12 février 1998 |
Depuis un an, Nathalie Noël a fait beaucoup de chemin grâce à la bicyclette: Washington, Paris, Barcelone, Londres, Nottingham, Lausanne, Berne, Bâle... Pourtant, l'étudiante-chercheure inscrite au programme de doctorat en Aménagement du territoire et développement régional se définit comme une cycliste tout ce qu'il y a de plus ordinaire. "J'ai grandi à Louiseville où le vélo était un moyen de transport courant parce qu'il n'y a pas d'autobus. Aujourd'hui, je fais du vélo comme tout le monde. Quand l'occasion s'y prête, je l'utilise pour me rendre à l'Université." Si le vélo lui a permis de faire tant de chemin, c'est qu'elle en a fait son sujet de prédilection depuis qu'elle est inscrite aux études supérieures.
Pendant sa maîtrise, Nathalie Noël a fait l'autopsie des accidents survenus aux intersections d'une bande cyclable bidirectionnelle du quartier Limoilou. Ses analyses, qui ont révélé qu'une forte proportion des collisions impliquaient des cyclistes roulant à contresens de la circulation, ont incité la ville à apporter des modifications aux intersections les plus dangereuses. Son doctorat, entrepris il y a un an avec Martin Lee-Gosselin et Denise Piché, porte sur la place du vélo dans les déplacements de 200 ménages de la région de Québec. L'étudiante-chercheure évalue comment les formes urbaines et les aménagements routiers influencent l'utilisation de la bicyclette. Elle rentre d'ailleurs d'un stage de six mois à l'Institut national de recherche sur les transports et leur sécurité de Paris où elle a participé à une étude sur les relations entre cyclistes et automobilistes. "À la maîtrise, j'avais surtout travaillé en sécurité routière et ce stage a élargi mes horizons en matière de planification du transport urbain."
Les allures de cycliste modérée et sage de Nathalie Noël cadrent mal avec l'image traditionnelle de radicalisme accolée à ceux qui consacrent une part importante de leur vie au vélo.

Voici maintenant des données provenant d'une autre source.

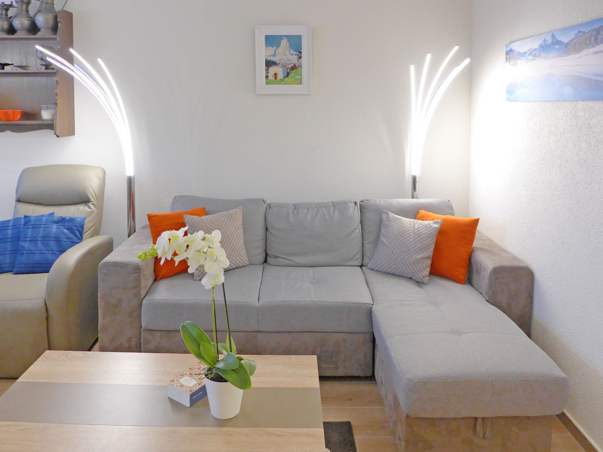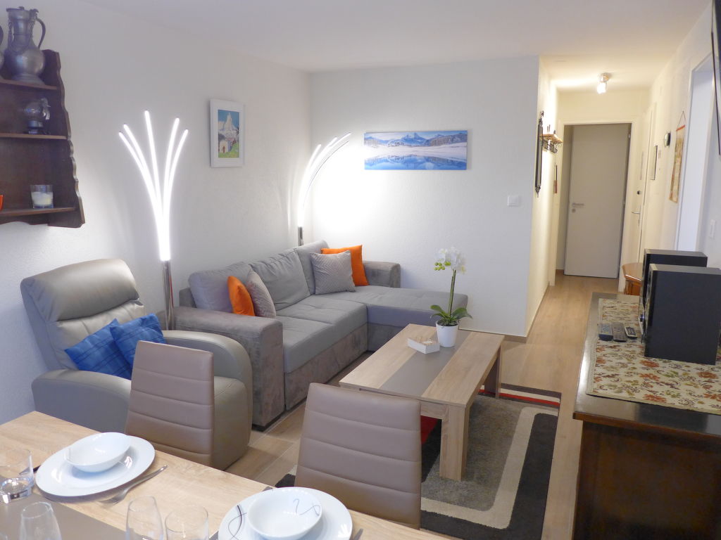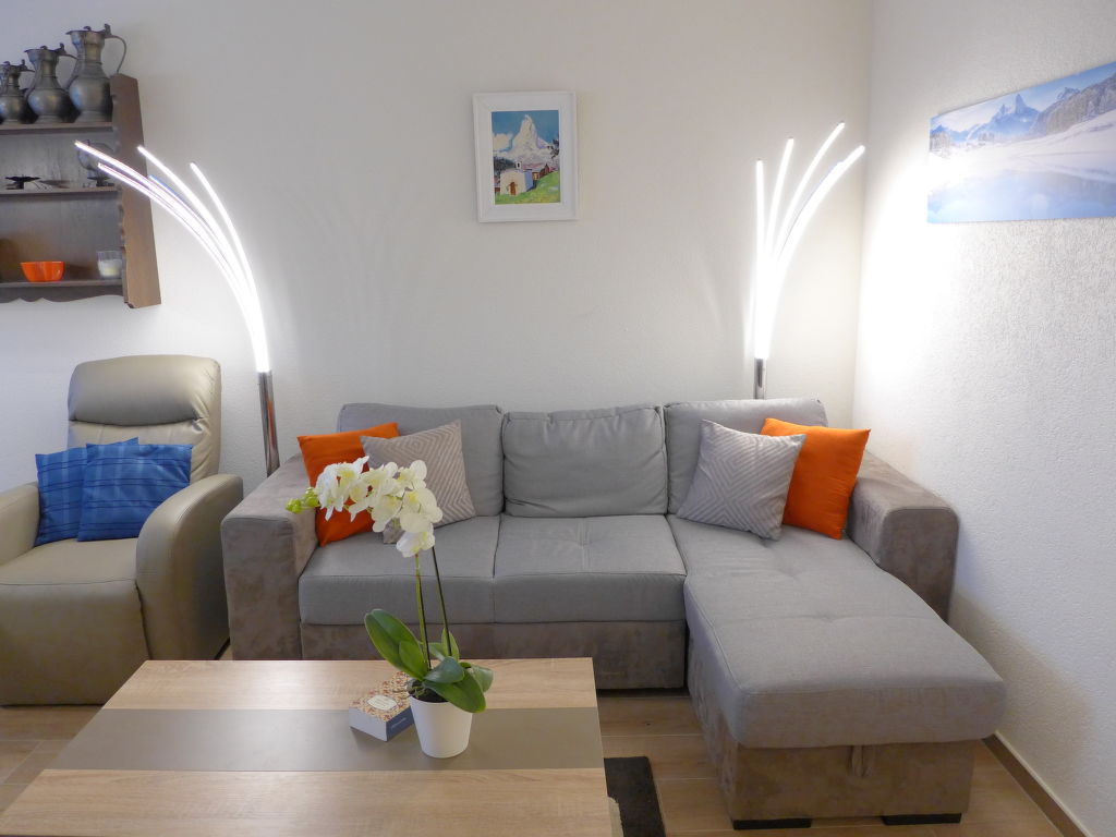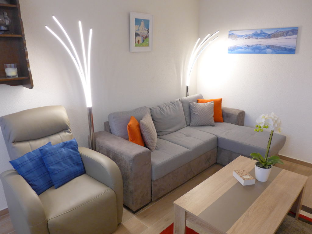 Barzettes-Vacances 553 / Entrée N° 14, 2-Zimmer-Wohnung 46 m2 im 3. Stock. Objekt geeignet für 2 Erwachsene + 1 Kind. Teilweise renoviert im Jahre 2017, komfortabel und schön eingerichtet: Wohn-/Esszimmer mit 1 Diwanbett (128 cm, Länge 180 cm), Kabel-TV (Flachbildschirm). Ausgang zum Balkon. 1 Zimmer, Richtung Nordwesten mit 1 franz. Bett (140 cm, Länge 200 cm). Küche (Backofen, Geschirrspüler, Toaster, Wasserkocher, elektrische Kaffeemaschine, Kapseln für die Kaffeemaschine (NESPRESSO) extra, Racletteofen, Fondue Set (Chinoise, Käse)). Dusche/WC. Kleiner Balkon, Südlage und Ostlage. Balkonmöbel. Seitliche Sicht auf die Berge. Zur Verfügung: Haartrockner. Internet (Wireless LAN, gratis). Bitte beachten: Nichtraucher-Unterkunft.

Mais Nathalie Noël ne rêve pas d'éliminer toute trace d'automobile des routes de la planète. "Je ne veux pas que tout le monde se mette au vélo et je ne veux pas devenir Madame Vélo", insiste-t-elle, consciente que l'avenue sur laquelle elle a engagé ses recherches risque de la conduire dans un ghetto. "Mon but n'est pas de faire la promotion du vélo. Je me vois d'abord comme une urbaniste intéressée par les questions de transport et j'ai le goût d'avoir un champ de pratique plus large que la bicyclette."

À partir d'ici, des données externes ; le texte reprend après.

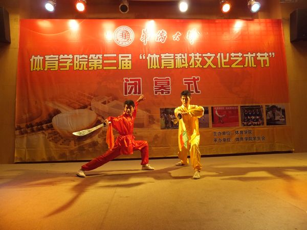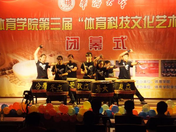闭幕式前,大屏幕上滚动展示了整个文化节活动的精彩图片。闭幕式在二十四节令鼓的恢弘气势中开场。陈壮荔副院长致辞,高度评价了第三届体育科技文化艺术节取得的成绩;学生会主席彭振福在发言中简要总结了活动的内容和目的。随后,同学们表演了精彩的武术小套路、太极拳、健美操和搏击操等。节目间隙,领导和嘉宾为获得篮球赛、足球赛、素质拓展大赛的选手颁发了荣誉证书和奖品。

Même parmi les scientifiques, le sujet ne fait pas l'unanimité. "Un professeur m'a déjà suggéré de changer de sujet parce que le vélo, disait-il, ce n'est pas très sérieux." Évidemment, Nathalie Noël n'est pas d'accord. "Dans certaines grandes villes du monde, la pollution de l'air a atteint un degré tel qu'il faut imposer la circulation alternée (chaque voiture n'a droit de rouler qu'une journée sur deux). Le vélo, comme la voiture électrique, fait peut-être partie de la solution."
Malgré son souci d'objectivité, Nathalie Noël se laisse, à l'occasion, happer par son sujet. "On m'a toujours appris qu'on faisait de l'urbanisme d'abord et avant tout pour les personnes, dit-elle. Il est temps qu'on considère les besoins des cyclistes et des piétons, les usagers vulnérables de la route. Les études que je fais constituent des outils qui pourront aider les planificateurs à développer des aménagements qui tiennent compte de ces personnes souvent oubliées."